Collected data:
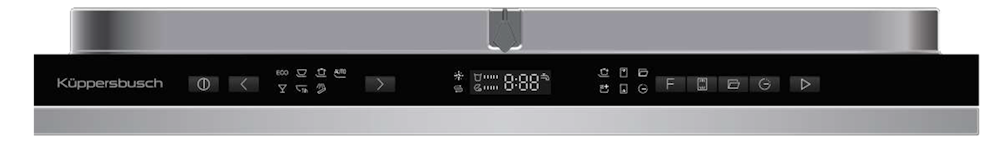Панель управления посудомоечной машиной расположена сверху двери внутри прибора. Во время работы интегрированных посудомоечных машин не всегда точно ясно, на каком этапе выполнения программы находится прибор. При помощи нового сигнала "Beam on floor", – красной точки, отражающейся на полу, – Вы сразу узнаете, закончился процесс мытья или нет. Мигающий сигнал указывает на неполадки.
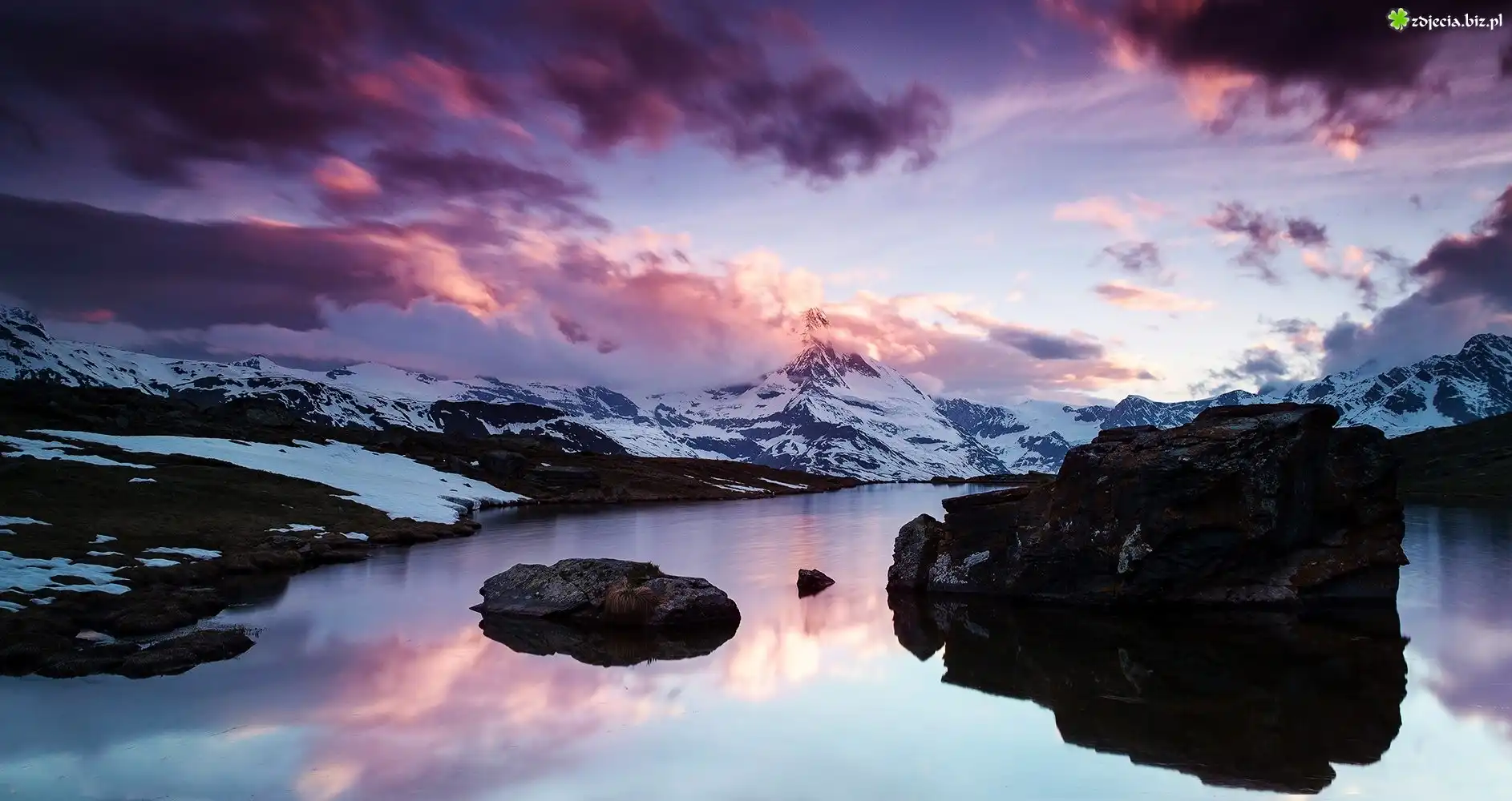 Zdjęcie Zachód, Słońca, Jezioro, Skały
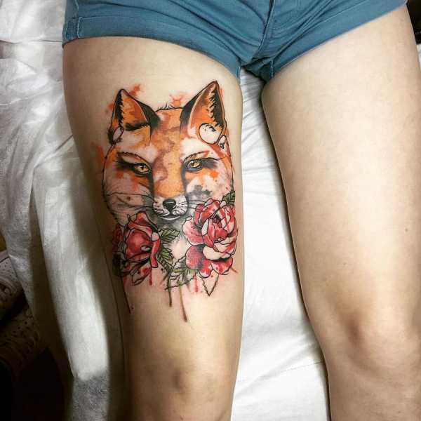 Многие считают, что русские байки и поверья о хитрой лисе берут свои истоки со скандинавских легенд. Основное значение татуировки лиса для девушек – символ коварства, обольстительности и искусительницы. Девушка с подобным изображением на своем теле является запретным плодом в райском саду, предупреждая окружающих о том, что вести себя с ней нужно крайне осторожно. Носительница тату показывает, что она не только хитра и опасна, но и очень умна, при необходимости сможет оставить связавшихся с ней людей в не удел.
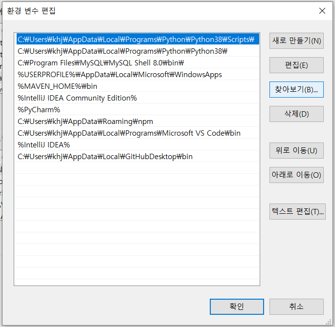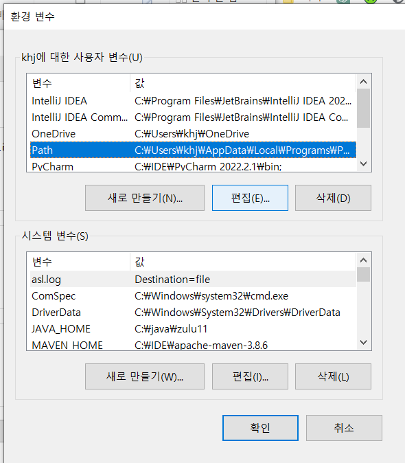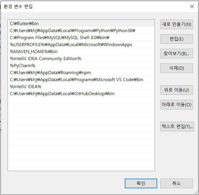 맨위에 환경변수가 잘 등록되었으면 연이어 확인클릭하고 환경변수 등록 완료!

What is required:
From the line containing "Многие считают, что" down to the final line of the listing above, write out only those lines exactly as they are, minus the pictures.

Written answer:
 Многие считают, что русские байки и поверья о хитрой лисе берут свои истоки со скандинавских легенд. Основное значение татуировки лиса для девушек – символ коварства, обольстительности и искусительницы. Девушка с подобным изображением на своем теле является запретным плодом в райском саду, предупреждая окружающих о том, что вести себя с ней нужно крайне осторожно. Носительница тату показывает, что она не только хитра и опасна, но и очень умна, при необходимости сможет оставить связавшихся с ней людей в не удел.
 맨위에 환경변수가 잘 등록되었으면 연이어 확인클릭하고 환경변수 등록 완료!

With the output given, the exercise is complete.